I had another minor wig-out after driving around for three days following various leads to source seed starting supplies that we can use for Certified Naturally Grown production. We plant most of our seeds into soil blocks which allows us to reduce our use of plastics and were making the soil block mix recipe recommended by Johnny’s seeds last year. We were really happy with the mix and were hoping to make it again, but it turns out that some of the fertilizer ingredients are hard to find here. We finally found something comparable from a fertilizer supplier who happens to stock certified organic fertilizer in their Quebec warehouse and were able to order it into their Brampton store for us. We’ll start making our soil blocks this week for our brassica and tomato seedlings. Anyways, the lessons learned is that we should probably get used to mail ordering most of our supplies here to avoid driving all over the place to get what we need. Good thing I am so good at internet shopping!

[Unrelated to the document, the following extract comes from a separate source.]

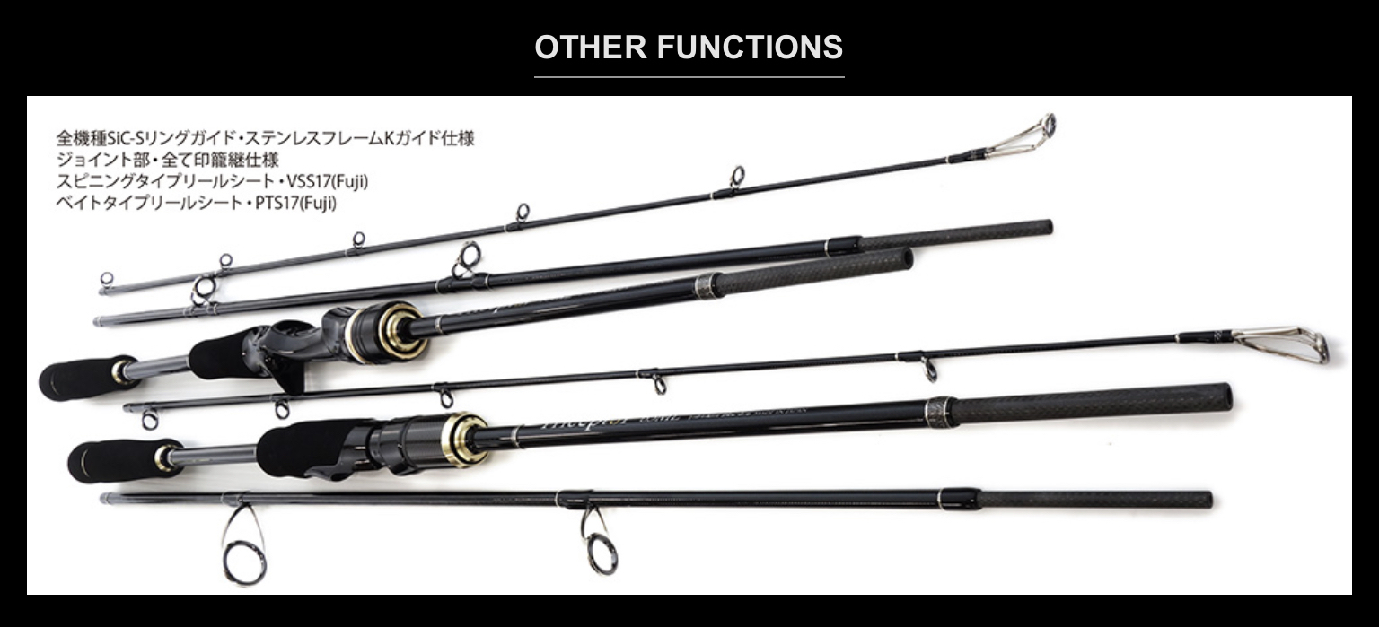 65ML、68Mの2機種共にルアーの使用範囲を広めに想定してロッドを設計しており、遠征先の様々な状況に対応でき、小型ターゲットを楽しみつつも強靭なバットパワーによりモンスタークラスにも果敢に挑めるモデルになっています。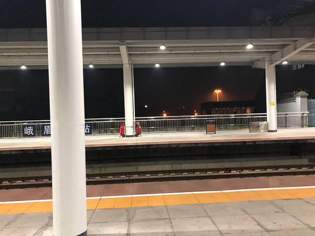 从成都东站出发,乘坐第一批去峨眉山站的动车,一个小时的车程,七点多抵达,天未亮

The very first seed to germinate was a weed! Imposter!!
But soon after the alliums started to germinate
and now they look like this! Cute little onion/leek babies. Mmmmm, can't wait to eat you!
and now they look like this! Cute little onion/leek babies. Mmmmm, can’t wait to eat you!

We’ve ordered a 20′ x 100′ hoophouse from a local builder which is currently being built for us. In the meantime we’ve set up our seedling shop in our heated garage. It’s quickly filling up so Pat is out getting the parts we need to build a mini, heated seed starting hoophouse so we can start moving these guys outside (they much prefer natural light to the grow lights we’re using, and we’d prefer to look like less of a garage grow-op in our new neighbourhood).

Pat build this germination table to help us get started this year before our hoophouse gets here. We’ll turn it into our microgreen zone once we can move these trays outside.

I realize that this is probably a bit of a boring blog post for anyone who isn’t a farmer, so I thought I’d end it with a list of what we are growing this year – some of which we’ll start indoors and transplant out, some of which we’ll plant directly into the ground a little later on in spring. If you’re a CSA member, you’ll have access to all of this deliciousness and more!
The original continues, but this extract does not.